**Exercise details**. Please repeat exactly the lines below from the line with "比如说,我和你两个人进行视频" to the line with "In AutoCAD MEP", including both, and leave out every picture.

**Task data**.
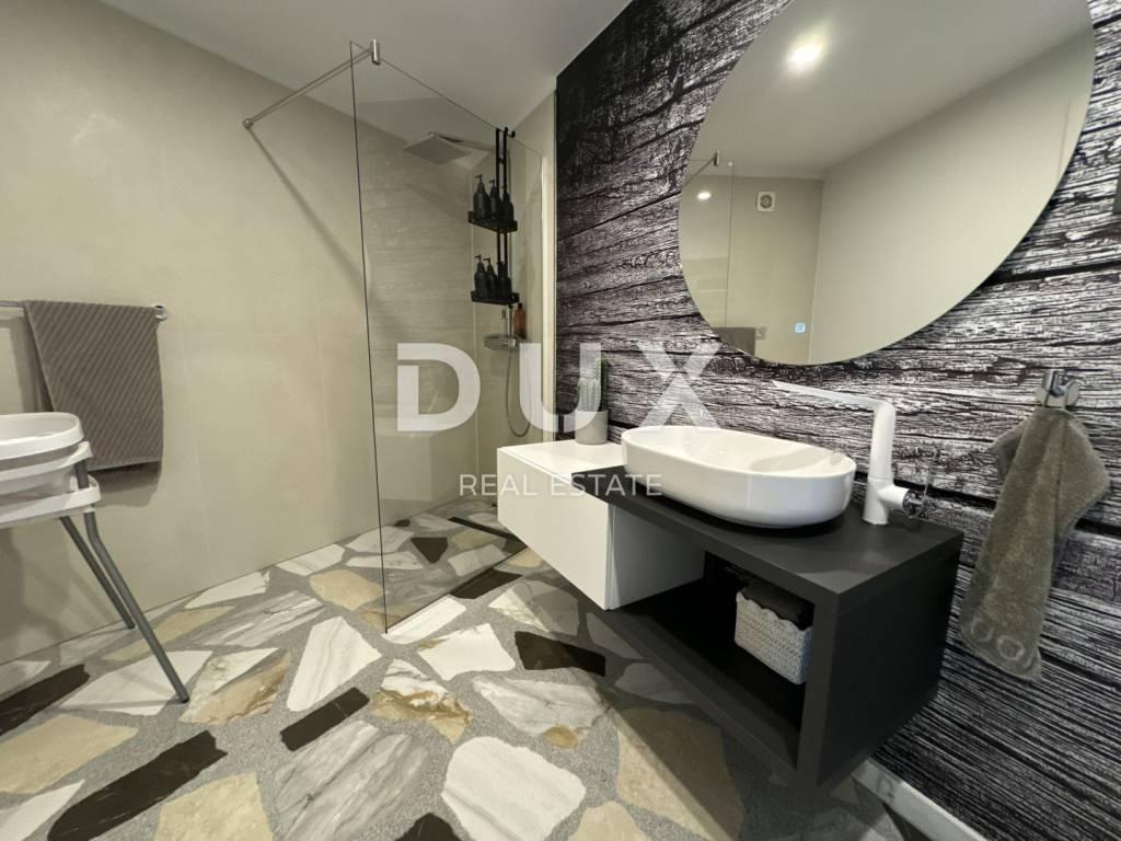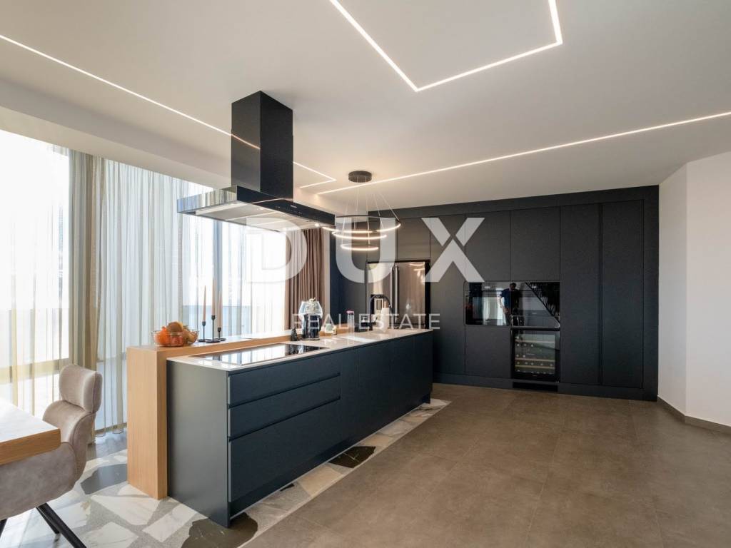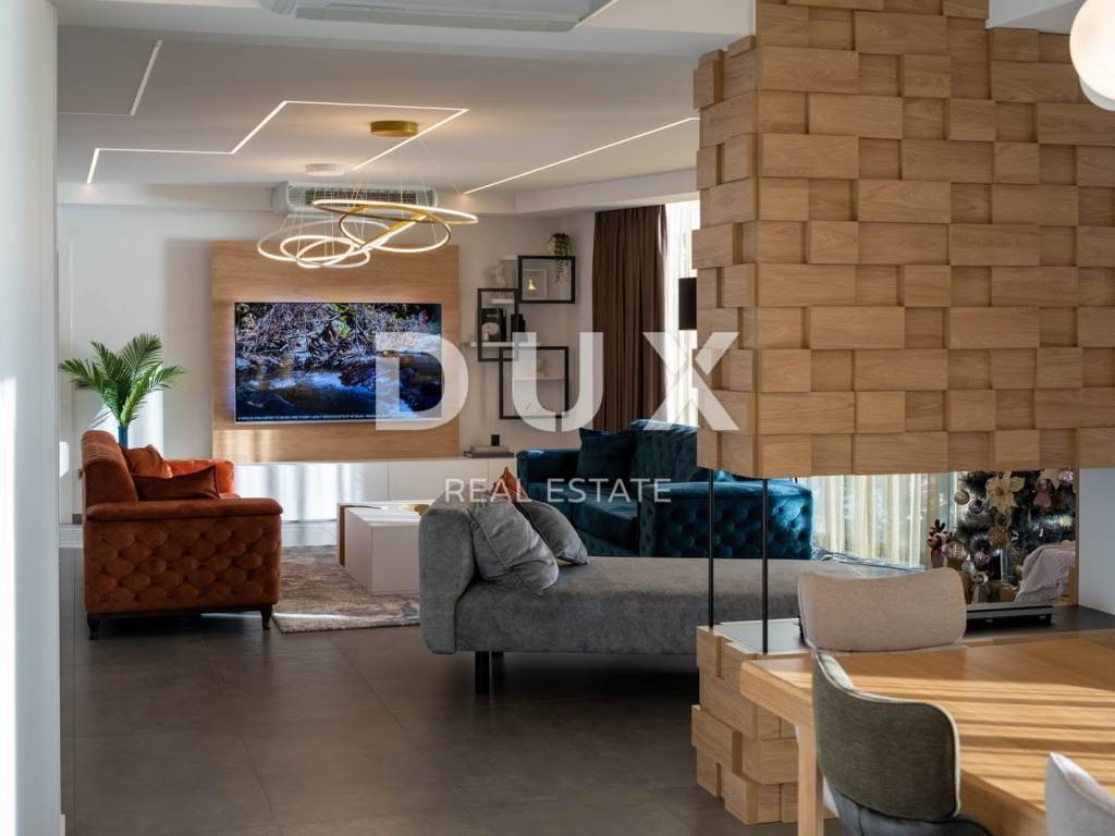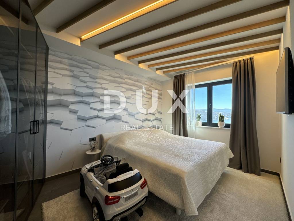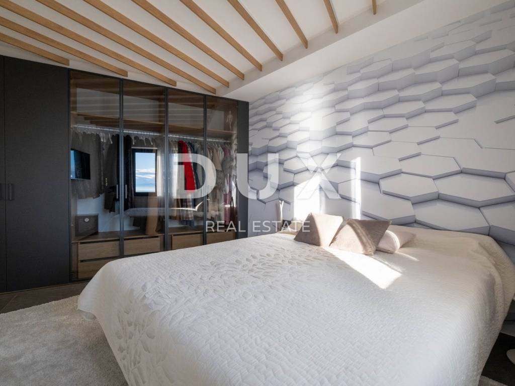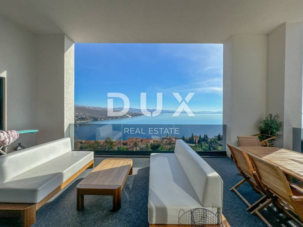Exclusive, furnished property for sale in Opatija. It is a unique penthouse above the city with a panoramic view of the sea. The penthouse extends over two floors, offering a luxurious open space living room with kitchen and dining room on the first floor, an area of 227m2. Large sliding rocks illuminate the space with natural light and allow an unobstructed view of the azure blue sea from every angle. The living room is connected to a spacious covered terrace with high ceilings, equipped with elegant garden furniture, ideal for enjoying relaxed evenings or socializing with guests. On the same floor, there is a guest bedroom with an en suite bathroom, as well as a guest toilet with a laundry room for added convenience. On the upper floor there are two bedrooms, one of which is the imposing master bedroom. enables an unforgettable morning sunrise experience and provides a spectacular view. In addition, the master bedroom offers a luxurious glass-enclosed bathroom and a private terrace that can also be heated and converted into a wellness and gym area. The property is equipped with smart built-in wardrobes and high-quality furniture, including a kitchen that has hardly been used. Sanitary ware and household appliances are of renowned brands, and underfloor heating provides additional comfort throughout the year. In addition, the master bedroom has a spacious walk-in closet, adding another layer of practicality and luxury. The penthouse has three parking spaces, and the building in which it is located is located in a quiet cul-de-sac, surrounded by a quality neighborhood, ensuring privacy and peace. The property currently represents the most serious offer of penthouses on the Opatija market, and the additional potential of the roof offers the possibility of building a swimming pool and an additional terrace according to one's own wishes and taste. This is an opportunity to live in a property that combines luxury, comfort and incredible views of the Adriatic Sea.
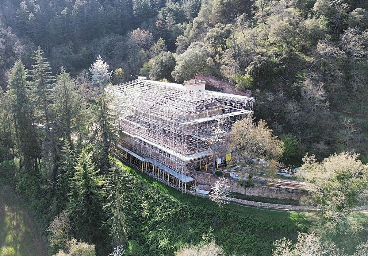 El aspecto del monasterio antes de la colocación de los andamios en una foto aérea.
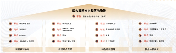? 業(yè)務(wù)策略:匹配業(yè)務(wù)特點(diǎn)和經(jīng)營目標(biāo)的經(jīng)營策略體系,不同業(yè)態(tài)的業(yè)務(wù)策略和場景不同,可嘗試創(chuàng)新的點(diǎn)也不同;匹配業(yè)務(wù)與客群特點(diǎn)的渠道定位和場景建設(shè)
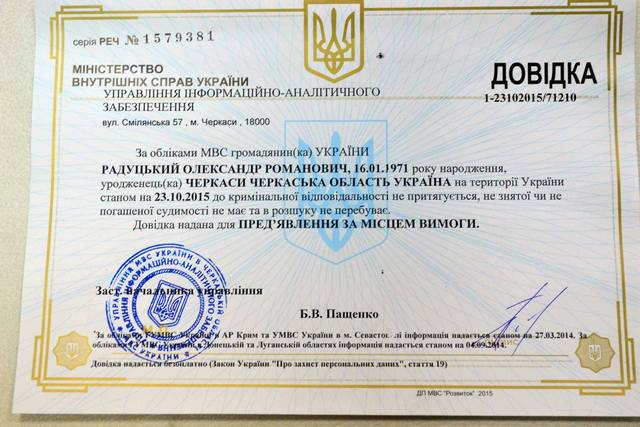 За словами Радуцького, йому зателефонувала його донька із запитаннями, чи правда пишуть, що він – двічі судимий, і «по зоні бігав із битою». Олександр Романович пред’явив журналістам довідку з міліції, що він «станом на 23.10.2015 до кримінальної відповідальності не притягується, не знятої чи не погашеної судимості не має та в розшуку не перебуває».
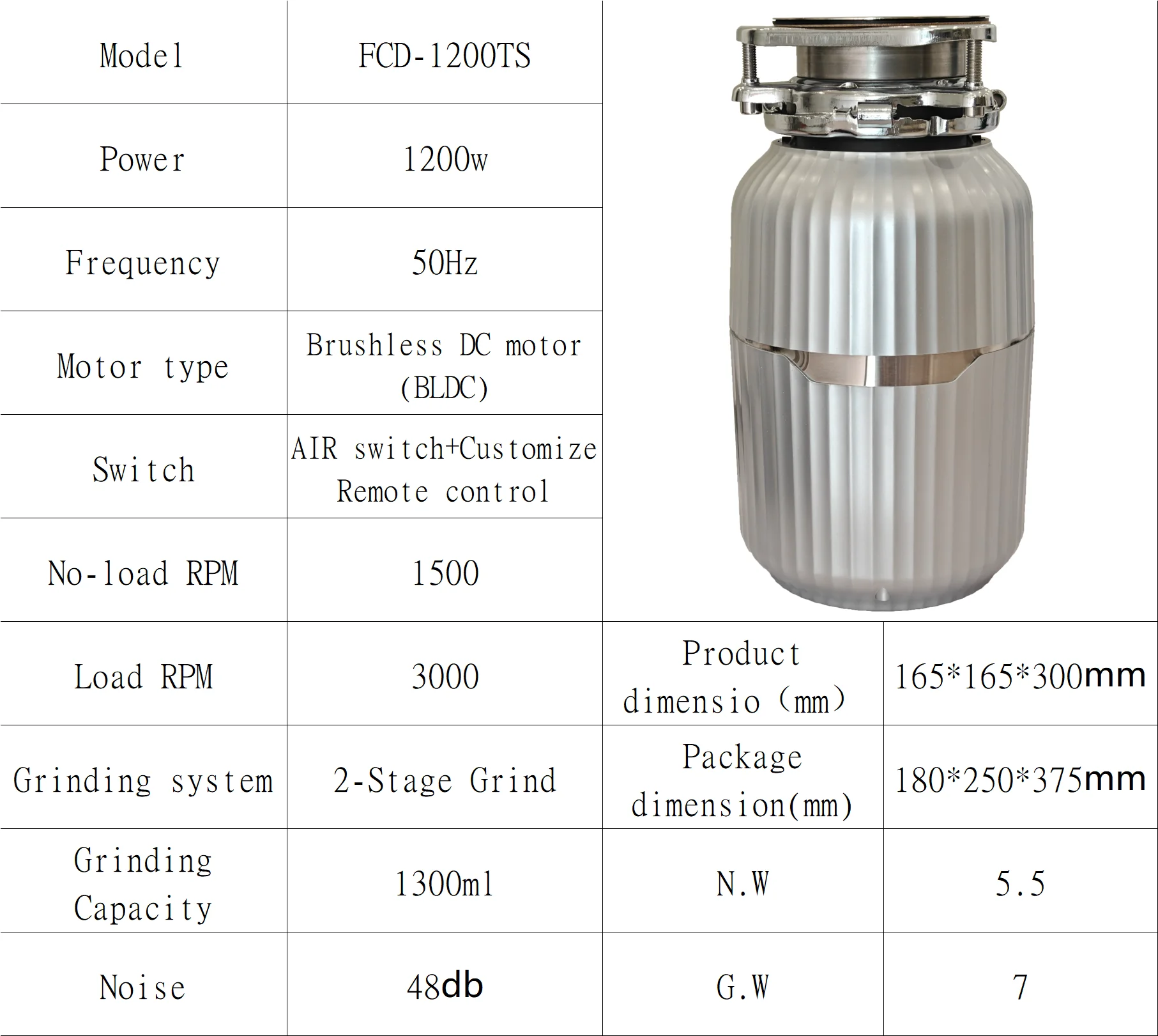 BLDC Features 1. More power 1200w. Shredding faster 2. Air switch and remote control can be operated at the same time. 3. Automatic forward and reverse rotation to prevent jamming, 4. Smart Grinder can speed up, slow down, and shut down itself 5. Quieter and longer life
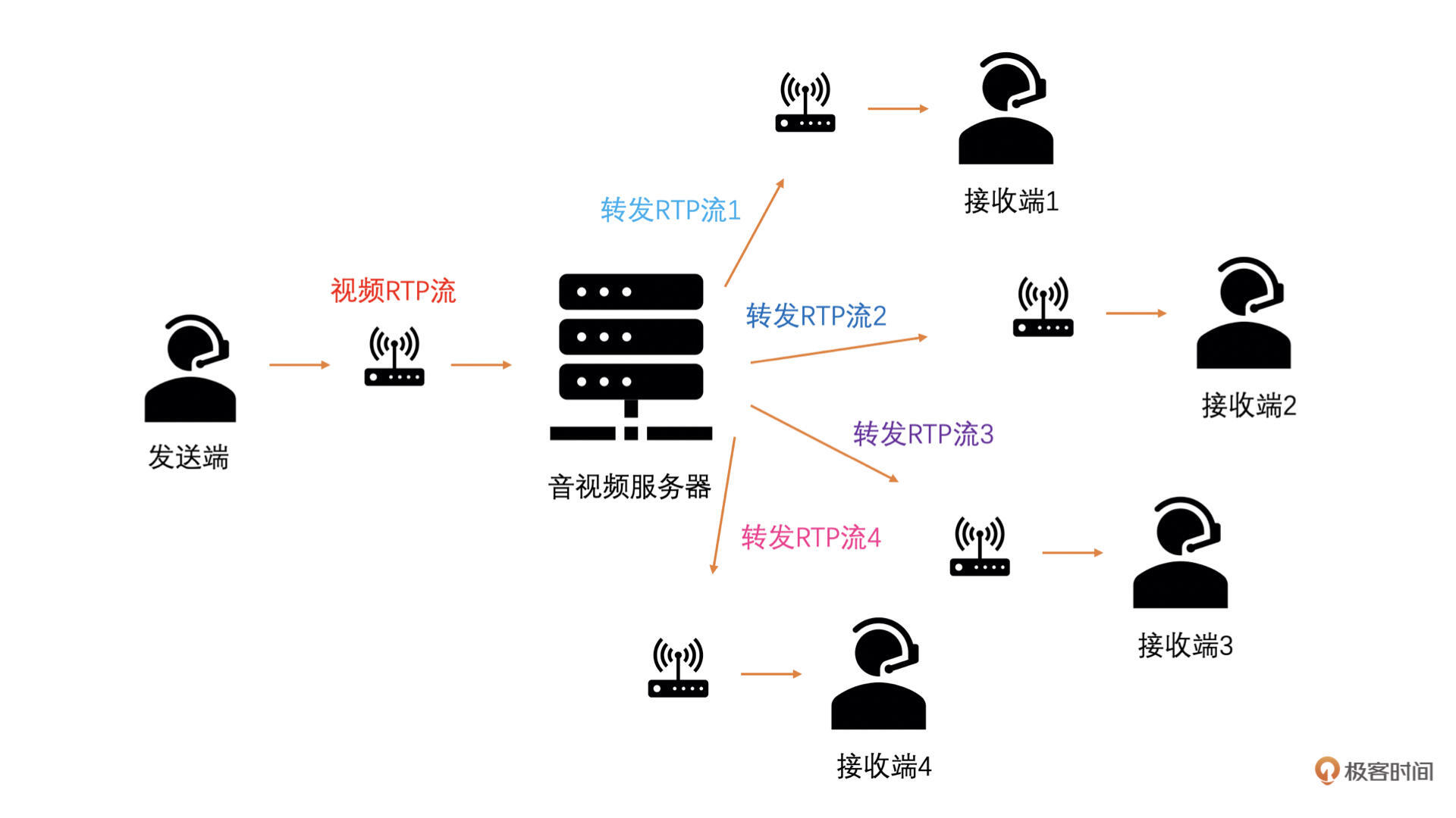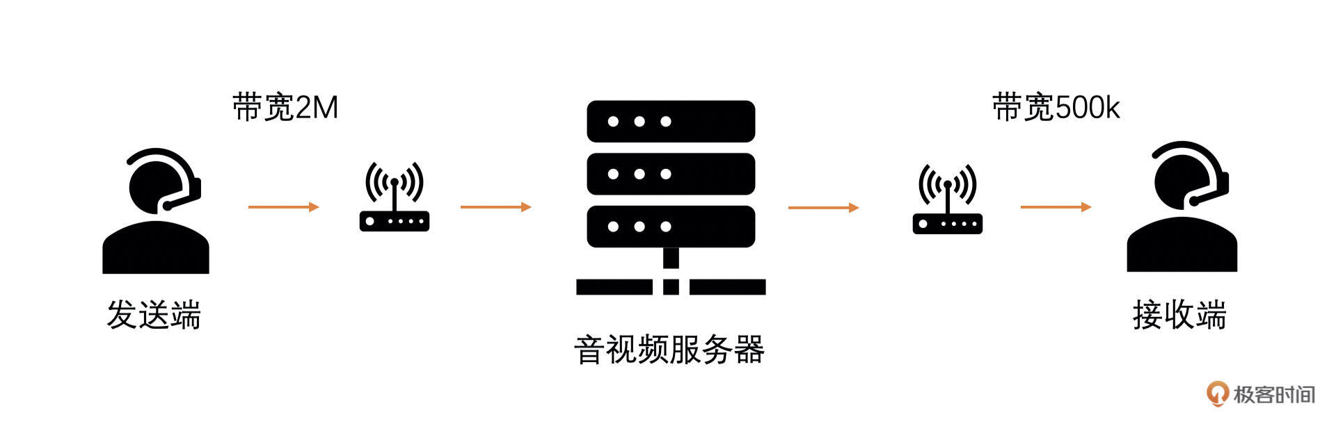 比如说,我和你两个人进行视频通话,我是发送端,网络非常好,你是接收端,网络比较差。发送端和接收端之间的视频通路如下图所示:
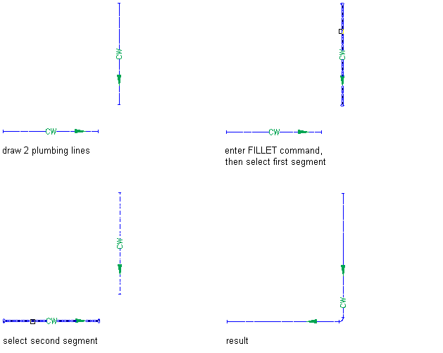 In AutoCAD MEP 2022 toolset , you can use FILLET to fillet not only AutoCAD objects, such as lines, polylines, and arcs, but also schematic lines and plumbing lines. By using FILLET with a fillet radius of zero (default), you can easily connect schematic lines or plumbing lines by extending or trimming them. You can use the command in orthographic mode or isometric mode.
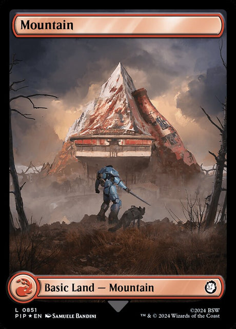 Mountain (851) - [Surge Foil, Full Art] Fallout (PIP)
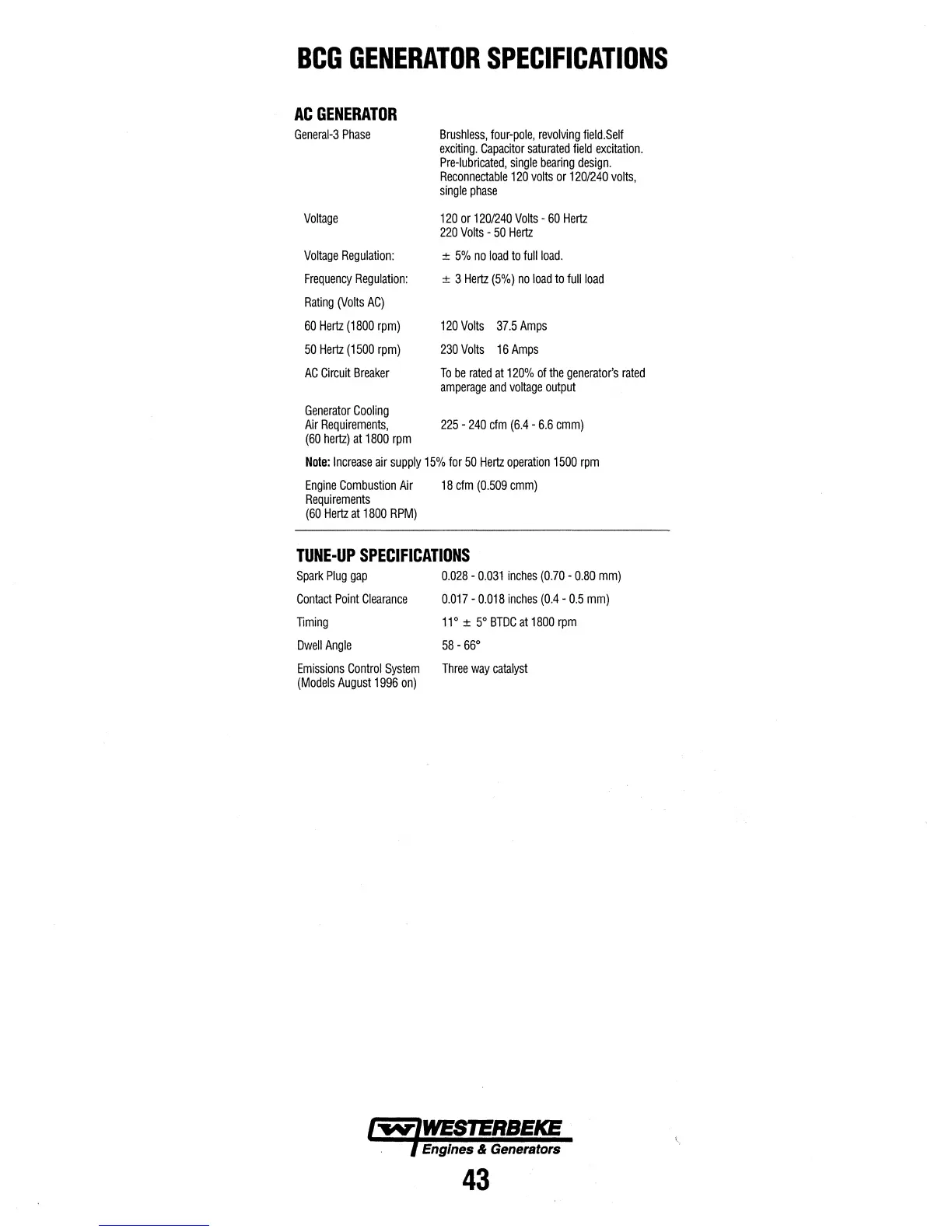 Westerbeke 4.5 BCGA - BCG GENERATOR SPECIFICATIONS (CONTINUED); AC GENERATOR AND TUNE-UP SPECIFICATIONS

**Task solution**.
 比如说,我和你两个人进行视频通话,我是发送端,网络非常好,你是接收端,网络比较差。发送端和接收端之间的视频通路如下图所示:
 In AutoCAD MEP 2022 toolset , you can use FILLET to fillet not only AutoCAD objects, such as lines, polylines, and arcs, but also schematic lines and plumbing lines. By using FILLET with a fillet radius of zero (default), you can easily connect schematic lines or plumbing lines by extending or trimming them. You can use the command in orthographic mode or isometric mode.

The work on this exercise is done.